Beban pencemaran ($L$) adalah massa total polutan yang dibuang per hari. Ini dihitung dengan mengalikan debit ($Q$) dengan konsentrasi ($C$). Perhitungan ini menjadi penentu desain. Konsultan Pertek Air Limbah harus membuktikan bahwa kapasitas IPAL mampu mengolah beban ini:

$$L (\text{kg/hari}) = Q (\text{m}^3/\text{hari}) \times C (\text{mg/L}) \times \frac{1}{1000}$$

Di mana 1/1000 adalah faktor konversi dari $\text{mg}$ ke $\text{kg}$ dan $\text{L}$ ke $\text{m}^3$.

Konsultan Pertek Air Limbah 02
Konsultan Pertek Air Limbah 02

4. Pentingnya Audit Parameter oleh Konsultan Pertek Air Limbah


Pertek menetapkan parameter yang harus dipantau di titik penaatan—yaitu, titik di mana air limbah diizinkan untuk dibuang ke badan air. Daftar parameter yang tercantum dalam Pertek Anda adalah dokumen hukum yang harus ditaati setiap saat.

  • Konsultan Pertek Air Limbah memastikan tidak ada parameter esensial yang terlewat.
  • Konsultan Pertek Air Limbah membantu Anda menafsirkan Baku Mutu Sektoral yang kompleks.
  • Konsultan Pertek Air Limbah merancang proses IPAL yang efisien untuk mencapai semua batas kadar yang ditetapkan.

Tanpa identifikasi parameter yang tepat, Kajian Teknis Anda tidak akan disetujui, dan risiko pencemaran tetap tinggi.
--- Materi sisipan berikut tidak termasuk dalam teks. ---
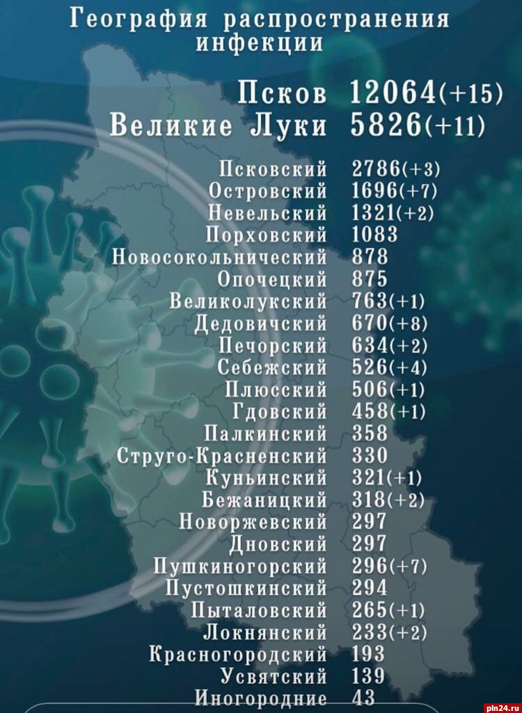 Еще 68 случаев коронавируса выявили в Псковской области за прошедшие сутки. При этом выздоровели 56 человек, сообщается в инстаграм-аккаунте губернатора Михаила Ведерникова.

Mempekerjakan Konsultan Pertek Air Limbah yang andal adalah investasi kepatuhan terbaik.

Dapatkan Kepastian Kepatuhan Parameter Air Limbah!

Kami Adalah Konsultan Pertek Air Limbah yang Menguasai Semua BMAL Sektoral di Indonesia.


➡️ Hubungi Konsultan Pertek Air Limbah Sekarang!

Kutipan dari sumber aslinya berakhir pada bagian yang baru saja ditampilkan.